Assignment |
In the material below, write out each line word for word and omit the pictures.

Extracted records |
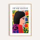 - 民族的な文様を纏った女性が横顔で佇み、背景には祝祭のように咲き誇る花々が壁一面に広がっています。この作品は、マティスのスタイルで民俗的な色彩と現代的な肖像画を融合させ、豊かな色彩と奔放な構図が、秘めた感情の中の視覚的な緊張感を表現しています。リビングルーム、芸術展示スペース、または空間のアクセントとして、濃厚な文化的雰囲気と芸術的なリズムを吹き込みます。
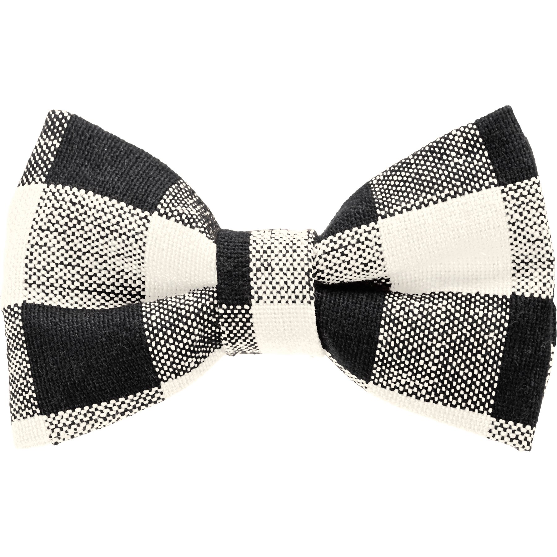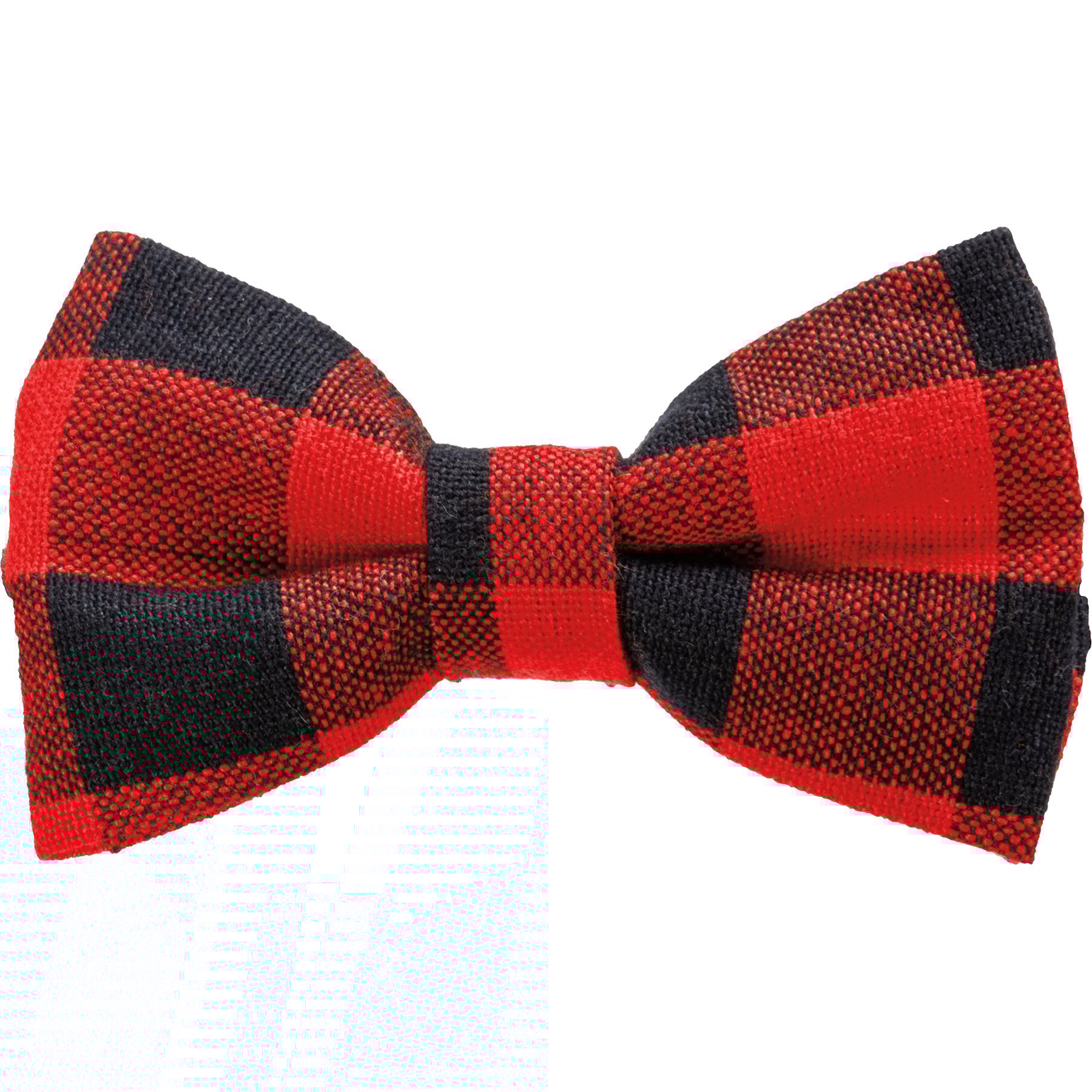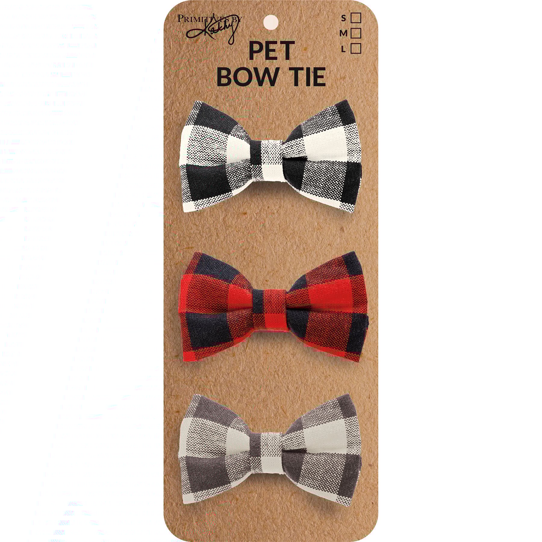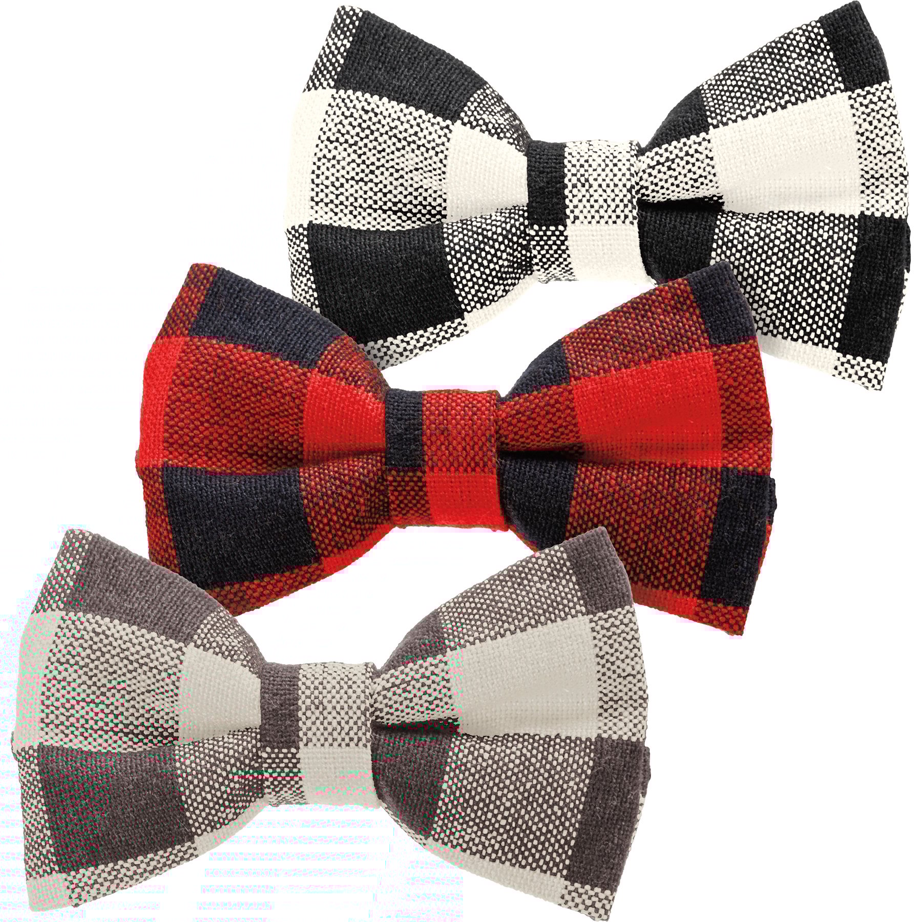 A set of three medium pet bow ties featuring buffalo check designs. Each bow tie is made of soft cotton and easily attaches to a collar using a single velcro loop. Bow ties come attached to a kraft paper card with a keyhole to easily display on rack. Hand wash only. Pet bow ties coordinate well with complementing people scarves and pet bandanas so pet parents and their fur babies can have a sweet matching moment.
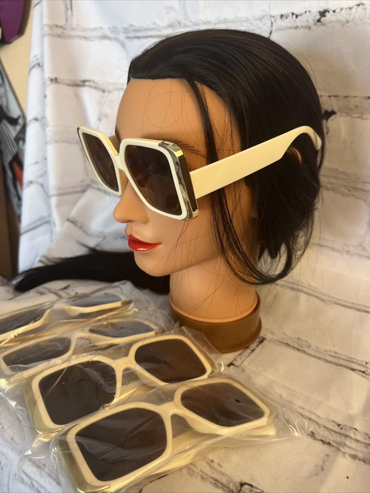 Elevate your summer style with these extra-large square frame sunglasses. The tinted lenses provide ample protection from the sun while the brown hue adds a touch of classic sophistication. Made from high-quality plastic, these oversized sunglasses feature a beige frame color that adds a subtle pop to any outfit. Perfect for women who love retro and classic themes, these sunglasses are a must-have accessory. With five units available, you can share them with your friends or keep them all to yourself. Stay chic and stylish all summer long with these statement sunglasses.
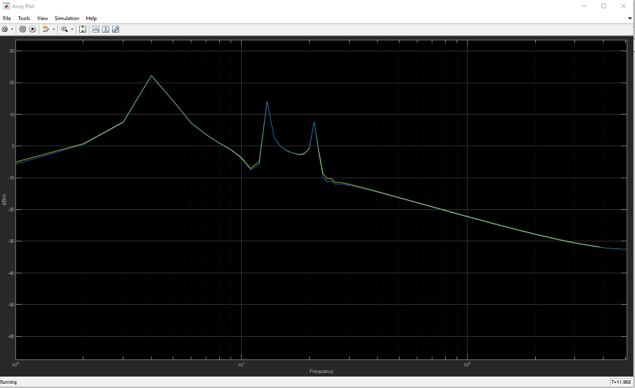 Звуковой сигнал подан в спектр анализатор после прохождения через КИХ-фильтр. Спектр анализатор вычисляет БПФ отфильтрованного сигнала, применяет функцию взвешивания и преобразует результат в dBm. Можно программировать тип взвешивания, которое будет выполняться при помощи интерфейса AXI4-Lite или как без взвешиваний, A-взвешивание, C-взвешивание или как K-взвешивание. Фактические функции взвешивания реализованы с помощью интерполяционных таблиц, которые были сгенерированы при помощи функции Audio Toolbox™ weightingFilter.
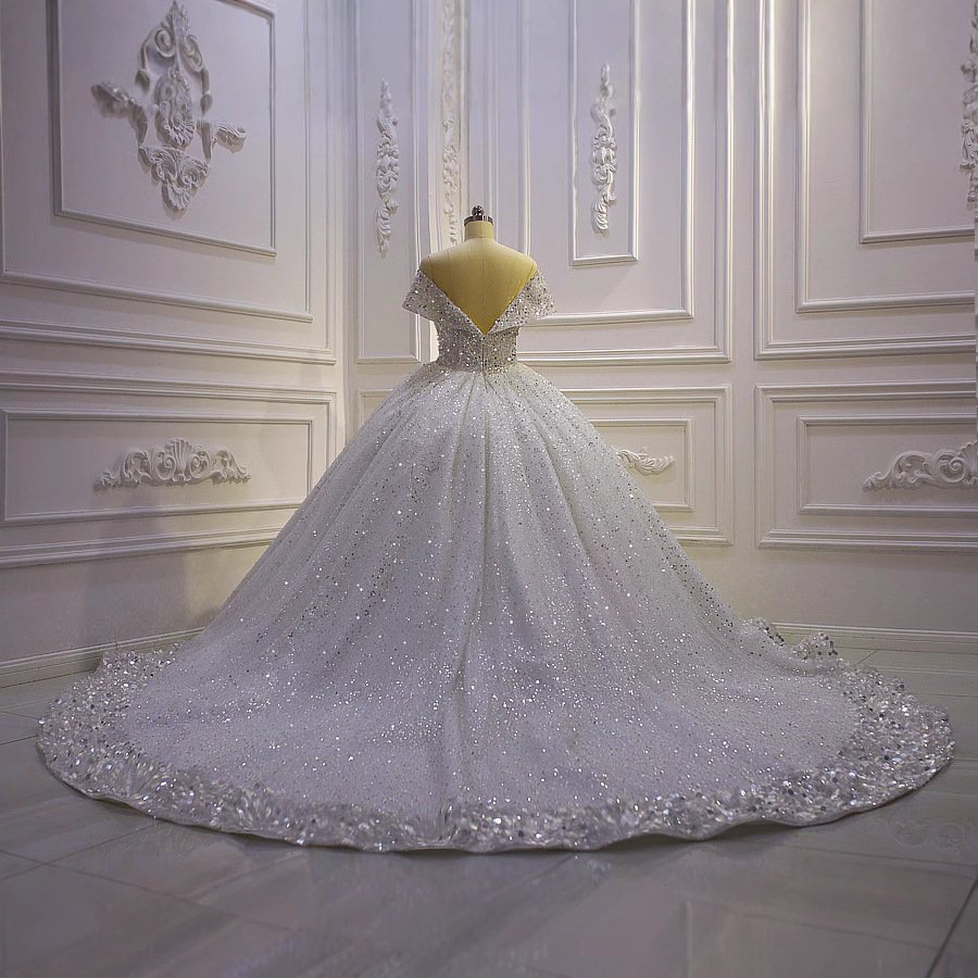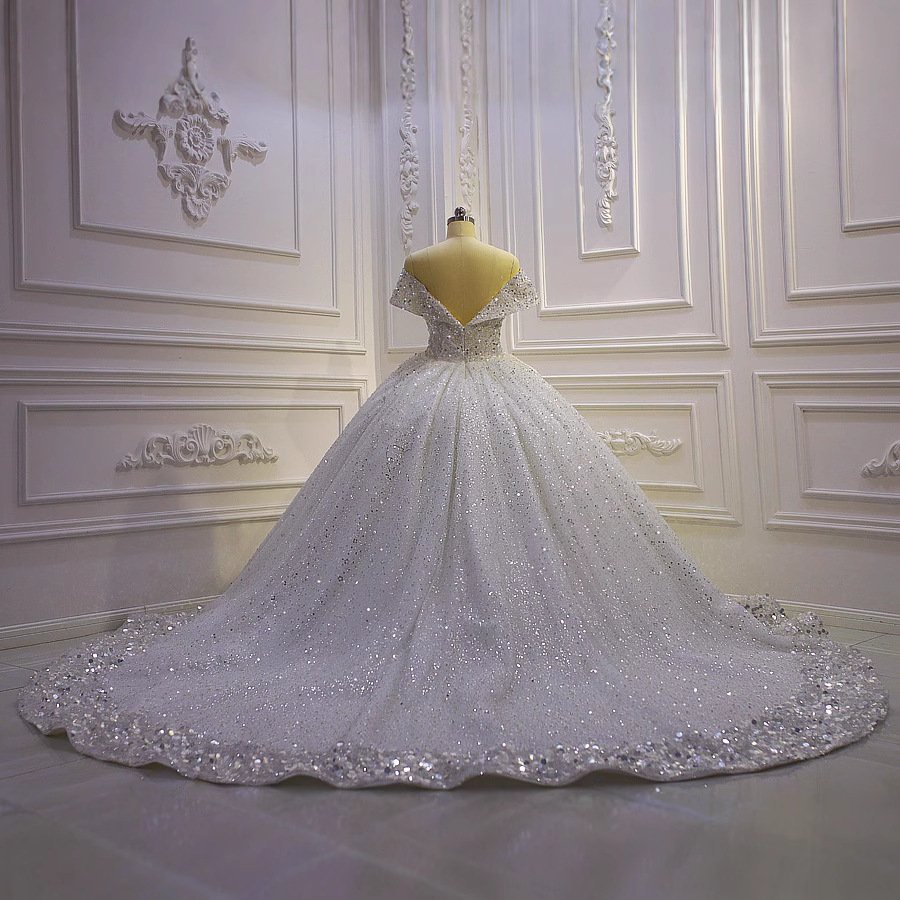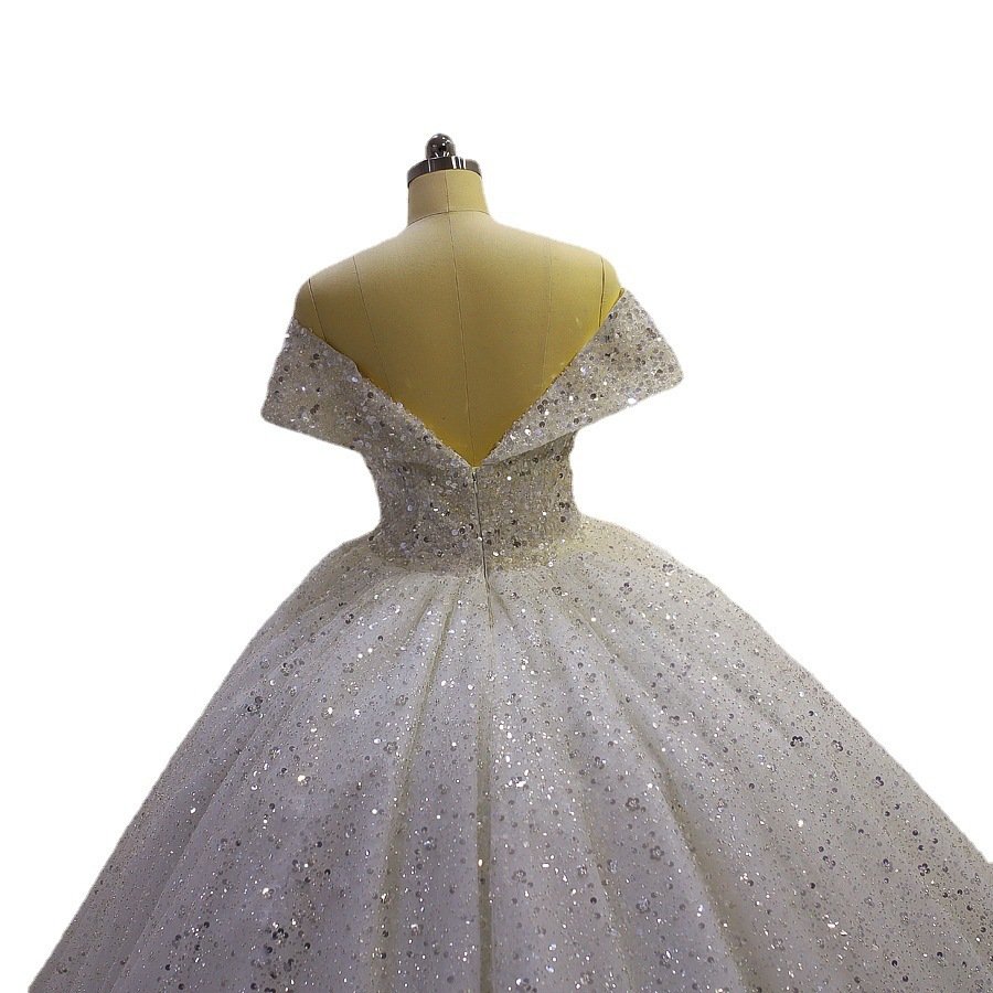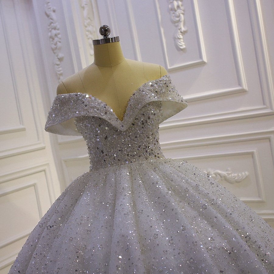 Smilprince Wholesale Sequin Prom Dresses – Foreign Trade Amazon 2025 New Plus Size Off-shoulder Sequin Lace Court Style Wedding Gown
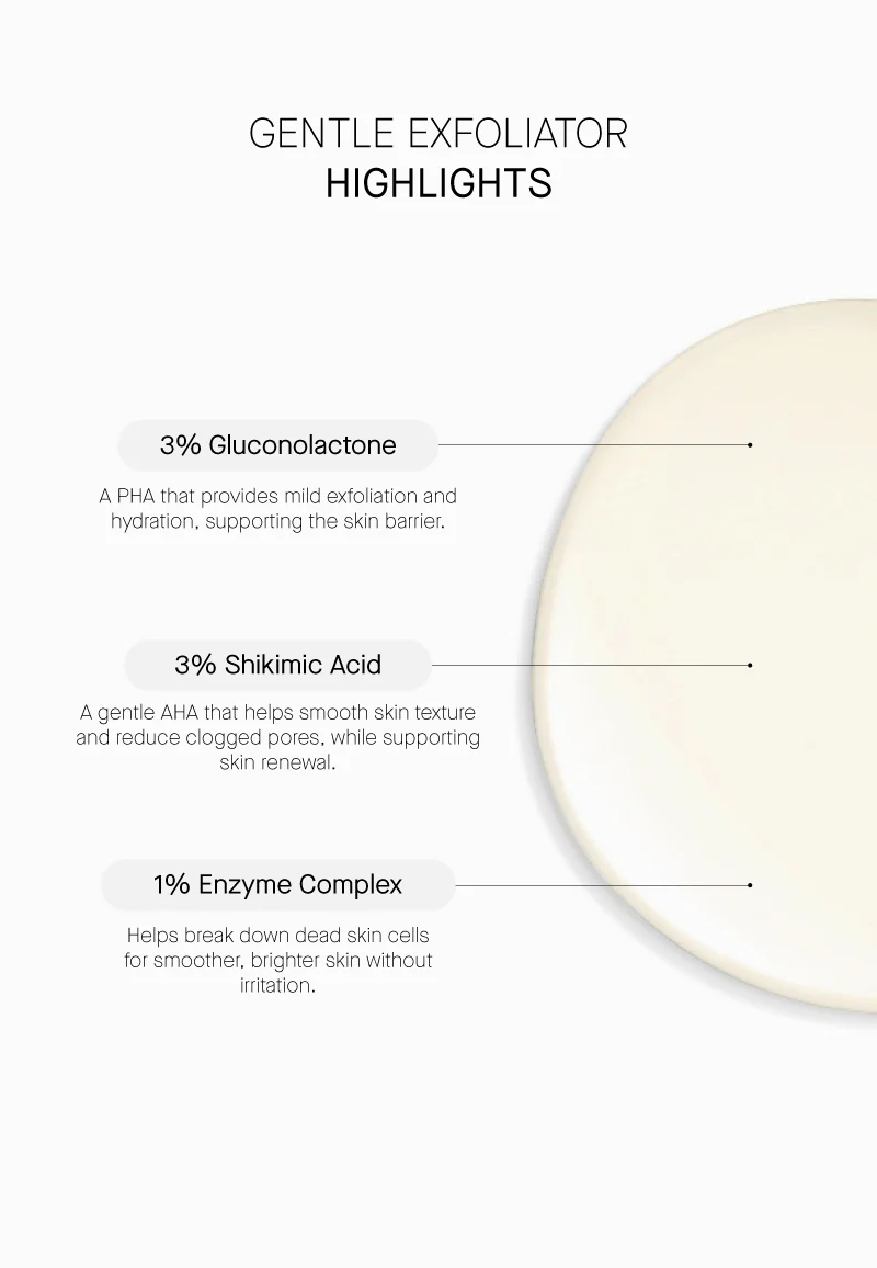 Transformoni lëkurën tuaj butësisht por në mënyrë efektive me këtë eksfoliant të lëngshëm që kombinon AHA, PHA dhe një kompleks enzimatik për të përmirësuar shkëlqimin, strukturën, tonin dhe shenjat e plakjes pa shkaktuar irritim.

Task answer |
 - 民族的な文様を纏った女性が横顔で佇み、背景には祝祭のように咲き誇る花々が壁一面に広がっています。この作品は、マティスのスタイルで民俗的な色彩と現代的な肖像画を融合させ、豊かな色彩と奔放な構図が、秘めた感情の中の視覚的な緊張感を表現しています。リビングルーム、芸術展示スペース、または空間のアクセントとして、濃厚な文化的雰囲気と芸術的なリズムを吹き込みます。
 A set of three medium pet bow ties featuring buffalo check designs. Each bow tie is made of soft cotton and easily attaches to a collar using a single velcro loop. Bow ties come attached to a kraft paper card with a keyhole to easily display on rack. Hand wash only. Pet bow ties coordinate well with complementing people scarves and pet bandanas so pet parents and their fur babies can have a sweet matching moment.
 Elevate your summer style with these extra-large square frame sunglasses. The tinted lenses provide ample protection from the sun while the brown hue adds a touch of classic sophistication. Made from high-quality plastic, these oversized sunglasses feature a beige frame color that adds a subtle pop to any outfit. Perfect for women who love retro and classic themes, these sunglasses are a must-have accessory. With five units available, you can share them with your friends or keep them all to yourself. Stay chic and stylish all summer long with these statement sunglasses.
 Звуковой сигнал подан в спектр анализатор после прохождения через КИХ-фильтр. Спектр анализатор вычисляет БПФ отфильтрованного сигнала, применяет функцию взвешивания и преобразует результат в dBm. Можно программировать тип взвешивания, которое будет выполняться при помощи интерфейса AXI4-Lite или как без взвешиваний, A-взвешивание, C-взвешивание или как K-взвешивание. Фактические функции взвешивания реализованы с помощью интерполяционных таблиц, которые были сгенерированы при помощи функции Audio Toolbox™ weightingFilter.
 Smilprince Wholesale Sequin Prom Dresses – Foreign Trade Amazon 2025 New Plus Size Off-shoulder Sequin Lace Court Style Wedding Gown
 Transformoni lëkurën tuaj butësisht por në mënyrë efektive me këtë eksfoliant të lëngshëm që kombinon AHA, PHA dhe një kompleks enzimatik për të përmirësuar shkëlqimin, strukturën, tonin dhe shenjat e plakjes pa shkaktuar irritim.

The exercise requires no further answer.